How Do You Return a Stimulus Check?
You can return stimulus check to IRS in several ways. According to the irs.gov website, the way to return the stimulus check depends on if it was a paper check or a direct deposit.
1. If you received your stimulus payment as a paper check
You can simply void the check and mail it back to the IRS. Make sure to write “Void” in big letters on the check. Then, enclose a note stating that you are returning the stimulus payment because you weren’t eligible for it. The address to return the stimulus check should be based on the state in which you live.
2. If you received your stimulus payment as a direct deposit in your bank account
You can use a personal check or money order to make the repayment and address to return the economic impact payment to the “United States Treasury.” You should write “EIP” along with your taxpayer identification number in the memo.

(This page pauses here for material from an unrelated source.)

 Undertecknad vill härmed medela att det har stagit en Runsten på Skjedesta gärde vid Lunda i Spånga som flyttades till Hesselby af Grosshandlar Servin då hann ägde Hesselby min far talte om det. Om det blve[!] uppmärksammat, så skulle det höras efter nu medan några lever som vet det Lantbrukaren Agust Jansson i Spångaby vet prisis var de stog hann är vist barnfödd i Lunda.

Again, include a note explaining that you are returning the stimulus payment because you weren’t eligible.
What Happens If You Don’t Return a Stimulus Check?

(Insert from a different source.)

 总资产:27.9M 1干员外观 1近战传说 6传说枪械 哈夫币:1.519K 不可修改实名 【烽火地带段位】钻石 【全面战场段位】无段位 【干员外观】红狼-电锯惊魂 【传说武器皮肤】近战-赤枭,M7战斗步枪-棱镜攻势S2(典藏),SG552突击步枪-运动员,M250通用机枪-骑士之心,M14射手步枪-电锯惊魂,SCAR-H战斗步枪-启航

The IRS has been lenient and not actively pursuing those who haven’t returned stimulus payments, but the government is urging people to return the money to help those most in need of personal finance.
However, that could change in the future. The agency could eventually start trying to recover such payments issued in error. So it’s best to return the stimulus check as soon as possible to avoid penalties or late fees.
How Do You Handle a Stimulus Check for a Deceased Person?
Stimulus payments were also mistakenly sent to deceased individuals. According to government estimates, as many as 1.1 million payments, totaling about $1.4 billion, were issued to dead people. The agency is now working on correcting this error by sending letters to those who received checks for deceased relatives.
If you received a check on behalf of deceased family members or friend, you should return the money to the IRS. However, unless the payment was made jointly, you aren’t required to return the entire amount. You’ll only have to return the portion of the payment that was made on behalf of the deceased spouse.
How Do I Return a Stimulus Check for a Deceased Person?
The government has been asking people to return stimulus payments made on behalf of someone who died. But the process might confuse those who don’t understand how to return a stimulus check for a dead person.
According to the irs.gov website, you can return a stimulus check of a deceased relative similarly to any other stimulus payment. You can find where to return stimulus checks for deceased person information on the government website.
What Happens if I Don’t Return a Decedent’s Stimulus Check?
Voluntary returns of stimulus payments made on behalf of the deceased relative have reached $72 million, according to a Treasury Department report. On the other hand, about $872 million in stimulus payments were rejected by banks or returned to the IRS as undeliverable.
Although a significant number of people still have not returned the stimulus payment, the government has not announced any plans about what to do with those who don’t return the money. Like other stimulus money issued in error, it’s possible that the agency could eventually start trying to recover stimulus payments. Therefore, it’s in your best interest to return the stimulus check as soon as possible.
For many people, the stimulus payment was a much-needed financial boost. But for some, the payments were issued in error. Although you may be in a financial slump, returning the stimulus check is essential if you weren’t eligible for it. There are other ways to get help if you need it.
Several alternative government programs exist to support those who are struggling. These include financial support for entrepreneurs struggling in managing business taxes, SBA disaster loans for small businesses, and unemployment benefits. You can also look into private options like crowdfunding or personal loans from friends and family.